Activity>
Return the listing below unchanged, except that the pictures are dropped.

Data>
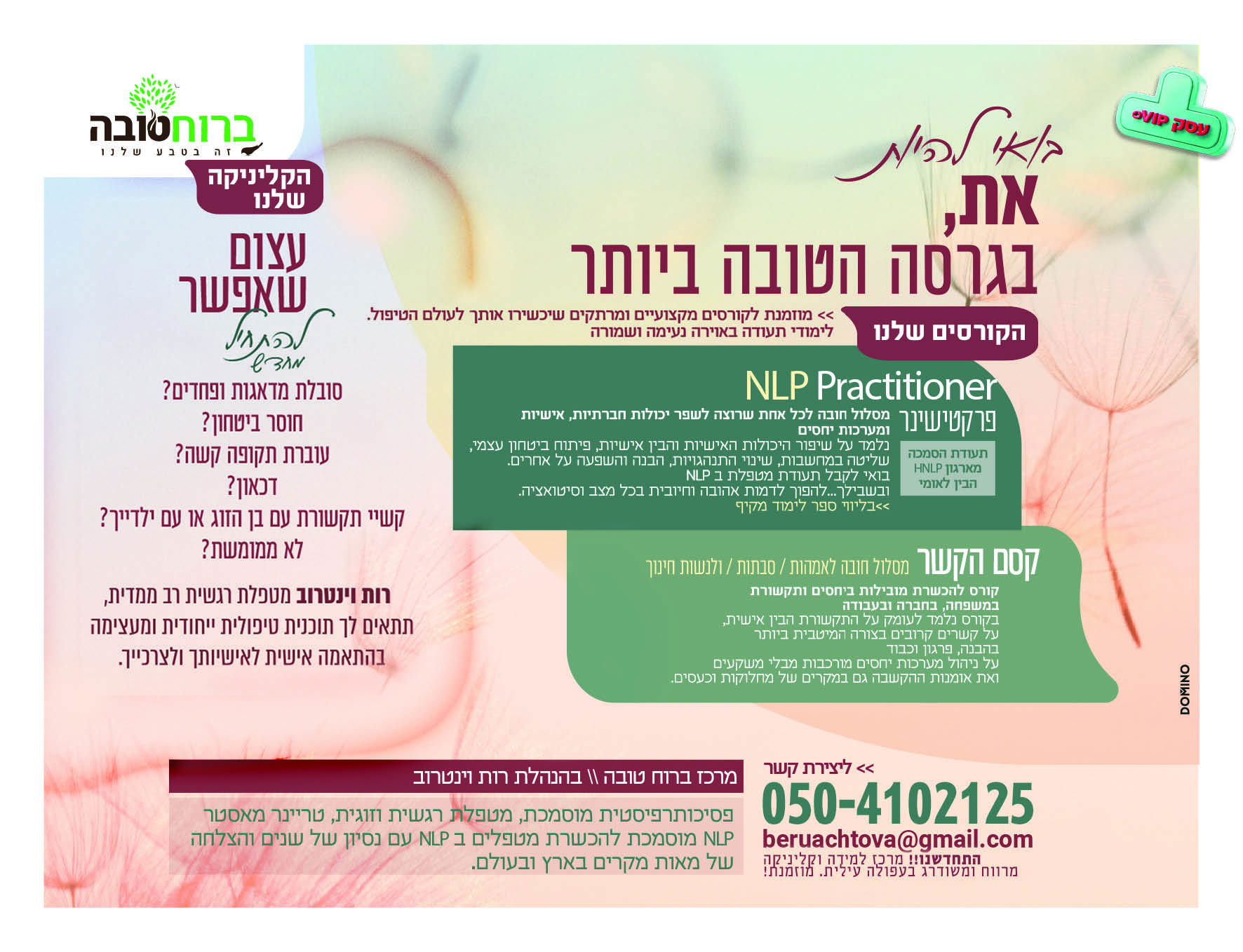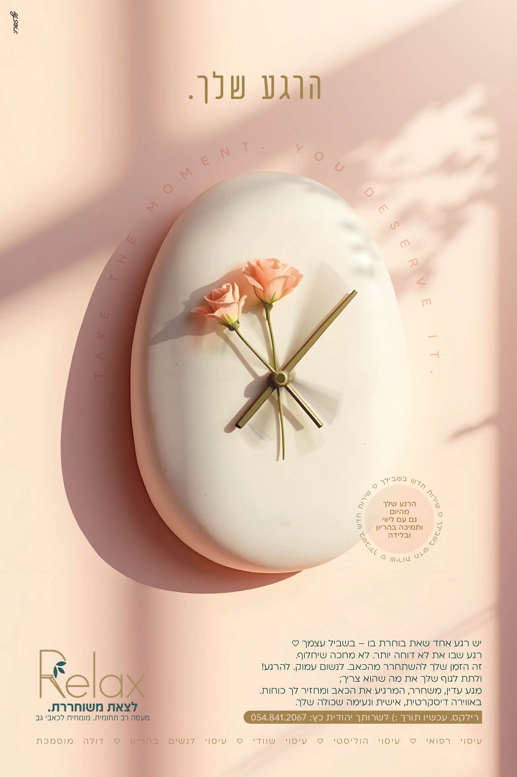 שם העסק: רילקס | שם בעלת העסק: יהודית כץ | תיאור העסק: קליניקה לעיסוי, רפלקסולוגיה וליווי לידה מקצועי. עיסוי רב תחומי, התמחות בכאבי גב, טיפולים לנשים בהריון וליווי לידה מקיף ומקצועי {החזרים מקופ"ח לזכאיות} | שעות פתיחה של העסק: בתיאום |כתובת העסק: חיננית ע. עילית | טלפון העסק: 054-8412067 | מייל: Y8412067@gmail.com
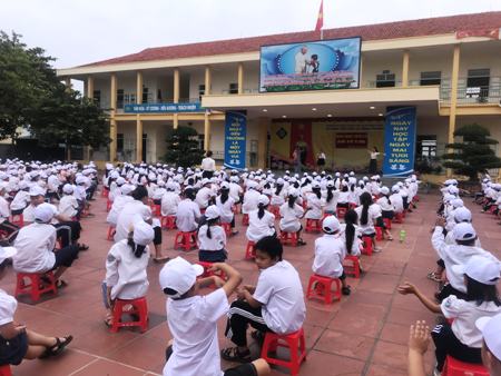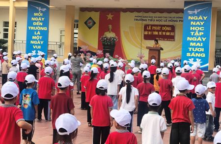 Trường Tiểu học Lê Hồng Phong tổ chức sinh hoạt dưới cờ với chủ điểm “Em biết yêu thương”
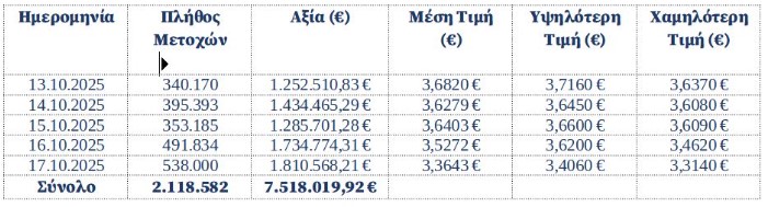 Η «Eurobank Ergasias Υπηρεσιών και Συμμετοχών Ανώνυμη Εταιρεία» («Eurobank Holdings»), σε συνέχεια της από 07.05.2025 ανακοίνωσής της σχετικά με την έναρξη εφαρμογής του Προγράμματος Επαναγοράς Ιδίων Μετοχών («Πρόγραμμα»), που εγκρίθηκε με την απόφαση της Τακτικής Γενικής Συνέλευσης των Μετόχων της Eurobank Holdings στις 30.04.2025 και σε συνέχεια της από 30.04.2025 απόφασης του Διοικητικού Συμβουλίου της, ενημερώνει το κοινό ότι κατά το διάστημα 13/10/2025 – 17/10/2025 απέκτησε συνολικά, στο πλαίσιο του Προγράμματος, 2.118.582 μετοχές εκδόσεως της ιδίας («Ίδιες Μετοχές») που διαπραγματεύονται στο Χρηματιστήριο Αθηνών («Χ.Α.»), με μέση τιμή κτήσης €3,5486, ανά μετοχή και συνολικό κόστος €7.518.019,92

Output for this task>
 שם העסק: רילקס | שם בעלת העסק: יהודית כץ | תיאור העסק: קליניקה לעיסוי, רפלקסולוגיה וליווי לידה מקצועי. עיסוי רב תחומי, התמחות בכאבי גב, טיפולים לנשים בהריון וליווי לידה מקיף ומקצועי {החזרים מקופ"ח לזכאיות} | שעות פתיחה של העסק: בתיאום |כתובת העסק: חיננית ע. עילית | טלפון העסק: 054-8412067 | מייל: Y8412067@gmail.com
 Trường Tiểu học Lê Hồng Phong tổ chức sinh hoạt dưới cờ với chủ điểm “Em biết yêu thương”
 Η «Eurobank Ergasias Υπηρεσιών και Συμμετοχών Ανώνυμη Εταιρεία» («Eurobank Holdings»), σε συνέχεια της από 07.05.2025 ανακοίνωσής της σχετικά με την έναρξη εφαρμογής του Προγράμματος Επαναγοράς Ιδίων Μετοχών («Πρόγραμμα»), που εγκρίθηκε με την απόφαση της Τακτικής Γενικής Συνέλευσης των Μετόχων της Eurobank Holdings στις 30.04.2025 και σε συνέχεια της από 30.04.2025 απόφασης του Διοικητικού Συμβουλίου της, ενημερώνει το κοινό ότι κατά το διάστημα 13/10/2025 – 17/10/2025 απέκτησε συνολικά, στο πλαίσιο του Προγράμματος, 2.118.582 μετοχές εκδόσεως της ιδίας («Ίδιες Μετοχές») που διαπραγματεύονται στο Χρηματιστήριο Αθηνών («Χ.Α.»), με μέση τιμή κτήσης €3,5486, ανά μετοχή και συνολικό κόστος €7.518.019,92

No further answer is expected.